[Source records]
※ ※ ※

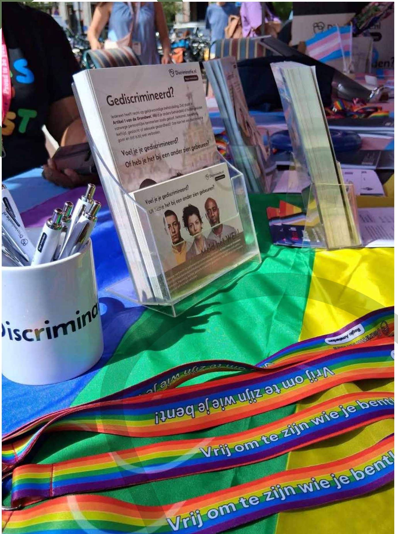
Divers promotiemateriaal van DRA tijdens de markt op Pride Oost.
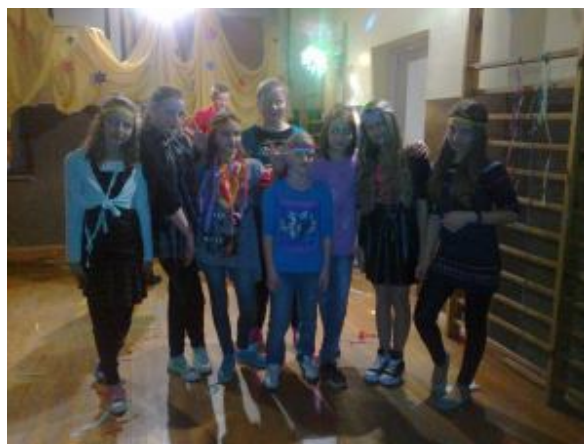
Dziewczyny z klasy V ☺
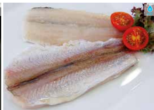
Filet de Maira 800 g 9,70€
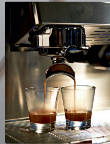
Espresso (E), hauteur sous bec = 83 mm Espresso (E), spout height = 83 mm
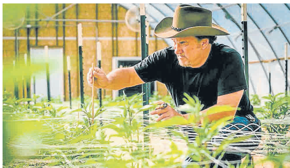
Cultivo de cannabis. Colombia con un enorme potencial.

Del lado nacional se espera la presencia del senador de la República de Colombia Juan Manuel Galán quien es autor de la Ley de Cannabis Medicinal y promotor de la reforma a la política de drogas en el país. Galán propondrá en Cartagena pasar del prohibicionismo y la criminalización del consumo, a una política de salud públi-

※ ※ ※

» **Assignment**: All that belongs in the answer is the lines from the line with "Espresso (E), hauteur" through the closing line of the entries, inclusive, transcribed exactly and free of pictures.

» **The completed task**:
Espresso (E), hauteur sous bec = 83 mm Espresso (E), spout height = 83 mm
Cultivo de cannabis. Colombia con un enorme potencial.

Del lado nacional se espera la presencia del senador de la República de Colombia Juan Manuel Galán quien es autor de la Ley de Cannabis Medicinal y promotor de la reforma a la política de drogas en el país. Galán propondrá en Cartagena pasar del prohibicionismo y la criminalización del consumo, a una política de salud públi-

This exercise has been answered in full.